While reading Butterfly Economics, I visited Amazon and ordered another book of Ormerod. The most recent one, with the most interesting title a book on popular economics ever could have: Why most things Fail, evolution, extinction & economics.
After reading the preface and introduction I'm looking forward to reading the whole book.
The first great gain concerning the book is that it refered to Mr. Ormerod's homepage
and there I found his paper on Random Matrix Theory and the Failure of Macro-economic Forecasts which contains his arguments against economic predictions in detail. The article describes the problem very differently as I put it in the previous post, and it seems to be more reconciliable with my own views expressed there. Basically as it is expressed in the abstract Ormerod sais that the genuine information content in economic growth data is low, and so forecasting failure arises from inherent properties of the data
. Introducing more confusing terms while putting the problem into a radically different perspective. Stating that the data or the subject of forecasting is what causes the problem and not the methods of forecasting. The amiguity, vagueness is due to the ill-defined macro-economic concepts like the GDP itself. So my argument in the previous post is somewhat irrelevant. However it can be restated and for this time we can formulate it as an Ormerodian argument.
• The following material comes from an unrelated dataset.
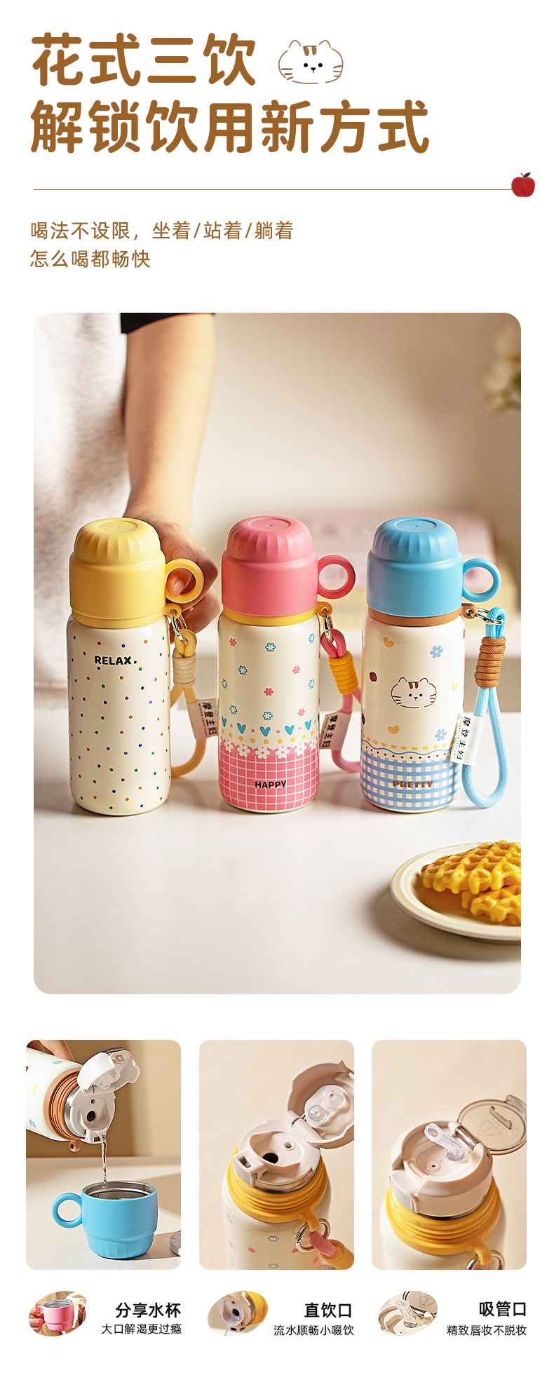 摩登主妇儿童保温杯学生上学专用吸管杯高颜值杯子女2024新款水杯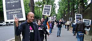 Hier, à 19 heures, trente militants d'Act Up-Paris ont manifesté devant la prison de la Santé pour dénoncer la politique menée par le gouvernement Raffarin, et notamment celle incarnée par Sarkozy : la répression de toutes les minorités.

Economists in the first place give credentials to data rows, then by established methods create forecasts that at best inherit the orginal (rather low) credentials of the data. Hence economic forecasts result in statments with very little credibility and usually fail.
I think that introducing the concept of information content does not add to the argument, and may even be misleading at least for a philosophically minded reader like myself. The argument can be formulated without reference to the (vague) concept of information, as I tried to show above.